* [The data]:
━━━━━━━━━━━━━━━━
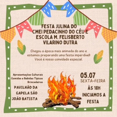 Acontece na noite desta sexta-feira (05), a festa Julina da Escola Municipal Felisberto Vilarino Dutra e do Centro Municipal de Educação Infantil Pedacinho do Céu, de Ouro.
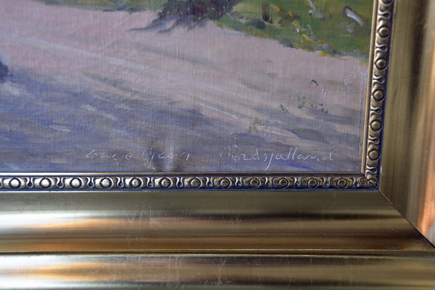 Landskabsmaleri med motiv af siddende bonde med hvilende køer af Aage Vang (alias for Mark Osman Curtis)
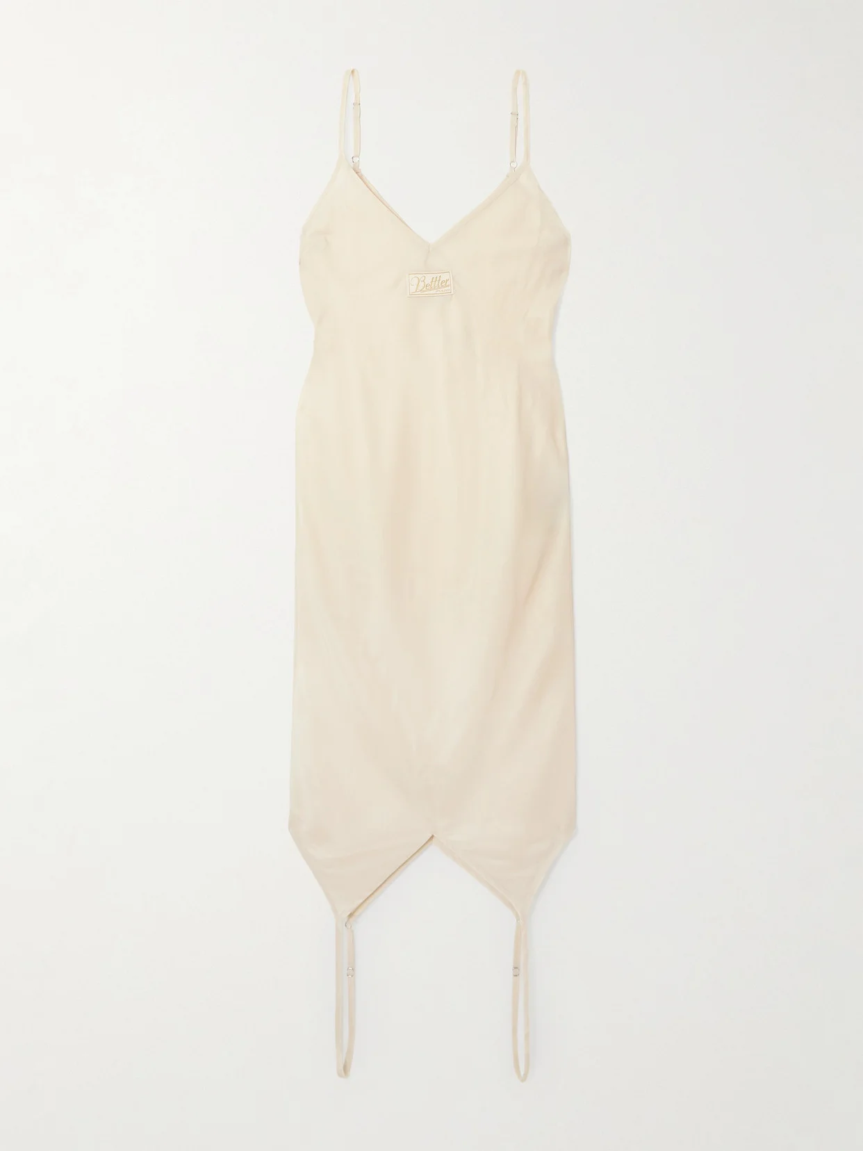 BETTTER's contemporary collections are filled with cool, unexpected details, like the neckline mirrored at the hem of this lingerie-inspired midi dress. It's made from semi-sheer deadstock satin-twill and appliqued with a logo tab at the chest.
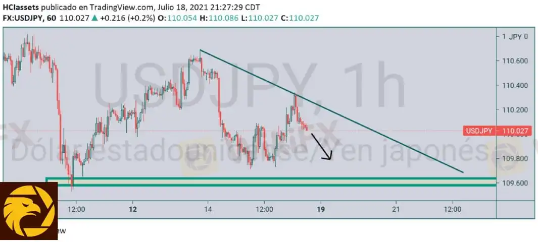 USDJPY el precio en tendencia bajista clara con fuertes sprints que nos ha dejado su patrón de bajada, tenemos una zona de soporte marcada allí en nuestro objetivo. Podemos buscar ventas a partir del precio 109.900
━━━━━━━━━━━━━━━━
* [Problem statement]: Without any pictures, print the whole listing again exactly as it stands.

* [Reply to the exercise]:
 Acontece na noite desta sexta-feira (05), a festa Julina da Escola Municipal Felisberto Vilarino Dutra e do Centro Municipal de Educação Infantil Pedacinho do Céu, de Ouro.
 Landskabsmaleri med motiv af siddende bonde med hvilende køer af Aage Vang (alias for Mark Osman Curtis)
 BETTTER's contemporary collections are filled with cool, unexpected details, like the neckline mirrored at the hem of this lingerie-inspired midi dress. It's made from semi-sheer deadstock satin-twill and appliqued with a logo tab at the chest.
 USDJPY el precio en tendencia bajista clara con fuertes sprints que nos ha dejado su patrón de bajada, tenemos una zona de soporte marcada allí en nuestro objetivo. Podemos buscar ventas a partir del precio 109.900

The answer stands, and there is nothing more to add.